CockroachDB allows you to rotate these certificates in a non-disruptive way that keeps existing client/SQL connections alive, and no rolling restarts are required.

Because we’re working in a containerized environment, there is a specific sequence of tasks required to accomplish this process.

This blog covers these basics, and with the help of the linked GitHub repo you can automate this workflow using the NodeJS app in a reliable, repeatable, reusable way.

GitHub: crdb-cert-rotation

…to the cert rotation tasks

This section details the sequence of steps that are required to complete the cert-rotation. Like any integrated software system, we will encounter caveats and variances based on target platforms, customizations on the deployments, and security/role restrictions.

step 1: update your actual secrets (manual)

This first step requires you to refresh, generate, update your actual certificates.
These can grouped into a single common secret object or might be broken down into separate secret-objects based on specific usage. For example the CA can be its own secret, the Node certs might reside in a separate secret, and same goes for user/client certs.

This is the only step that requires manual intervention. This is by design because each organization typically has their own workflow to refresh these. Some use Hashicorp Vault, some rely on the cockroach cert commands, while other admins generate their own certs manually.

These need to be updated in the secrets such that future pod restarts will load these moving forward.

step 2: read all the new secrets

This step collects all the secrets tied to CockroachDB. These are specified as a list of tuples that represent the secret name and the mount-path from the CRDB pod perspective. The example below shows 2 secrets with mounts, but you might have only 1 secret or possibly more. This tool allows for you to specify any number of mounts and their respective secrets object.

step 3: identify the target CRDB pods to refresh (auto)

CockroachDB pods should be labelled using common tags as well as node-specific tags. In the case here, we have a common tag that matches all the pods in the cluster, defined by the environment variable MZ_CRDB_POD_LABEL_KV.

This tag is actually a tuple (KV), where my example indicates a common tag defined as zlamal:demo-2025 that can be found in all the pods of my cluster. It’s functionally equal to a label listed as “zlamal: demo-2025”.

The NodeJS app reads this from the environment (supplied by you in the job-definition YAML), and uses it to capture the running pods so that the tool can perform actions on them in subsequent steps.

step 4: we iterate through each pod and perform the certificate updates

This next step is a loop that performs a few sub-steps to accomplish the rotation for each node. These tasks ensure that the pod remains running while bringing the latest secrets, and this can be verified by SHing directly into the pods to inspect the certs folders for changes.

step 4.1: delete the old certs

This step deletes the certificates for each secret object. There can be many secrets, and each secret can contain many certs and keys.

step 4.2: save the new certs

This step deletes the certificates for each secret object in an iterative process. There can be many secrets, and each secret can contain many certs and keys. This is all covered by iterative loops to save all the items.

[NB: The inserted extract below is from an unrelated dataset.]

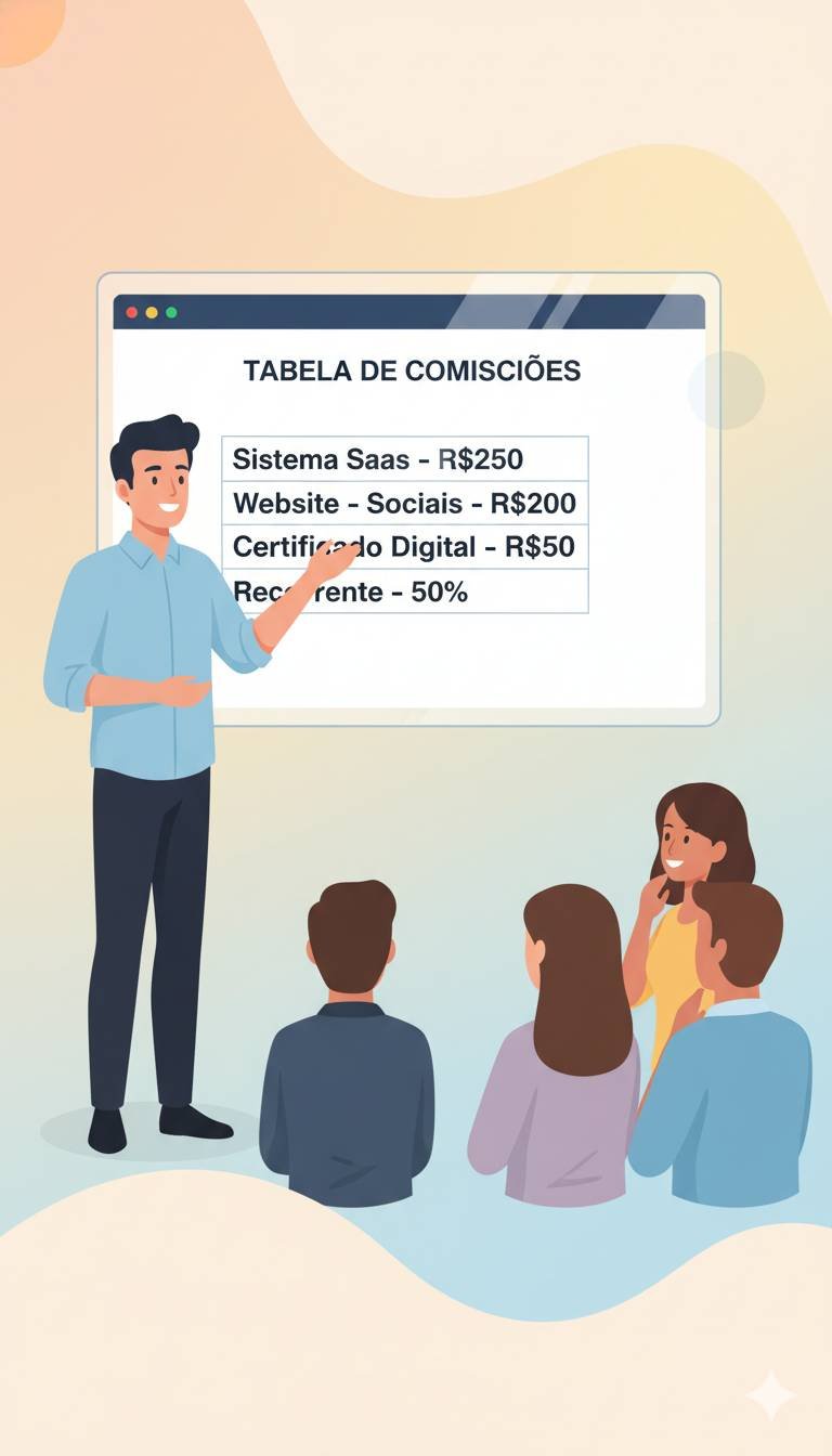 Ganhe até 50% de comissão recorrente — válida somente para clientes que fecharem contrato mensal de manutenção. Para serviços avulsos, a comissão é única. Solicite a tabela completa com Marcos Paiva.

step 4.3: adjust the permissions of the keys

CockroachDB will NOT accept keys that have open permissions. The app sets the read permissions to only the current user, no group access.

step 4.4: the magic of sighup

This is the special task that tells CRDB there were changes to the certificates. The sighup is an OS-level kill command that doesn’t actually kill the process, it merely tells the process of a HANGUP system event. CockroachDB knows to reload all certificates in this condition, without dropping any connections.

You can also see the effects of a SIGHUP in the CockroachDB logging (both on disk and in the console).

step 5: …verify the certificates?

In your CockroachDB admin console, you can find the actual certificates under the Advanced Debug tab, and in the Even More Advanced Debugging section.

Here you will find “Certificates on this node” that lets you validate the expiry of your certs, and now they should reflect the freshest dates based on step 1 (cert creation saved as secrets).

Example certificates in Advanced Debug

Conclusion & References

All YAML is available in the GitHub repo for this project I did not want to mess-up this write up with YAML blocks, so please review them in the repository.
Have fun, but please work with the Cockroach Enterprise Architects to run through this process for the first time.
Please review the code. It’s an implementation of these steps, written in JavaScript running under NodeJS
I have a dockerized image available (currently for ARM64 but can be created for all architectures), but requires a pull-secret.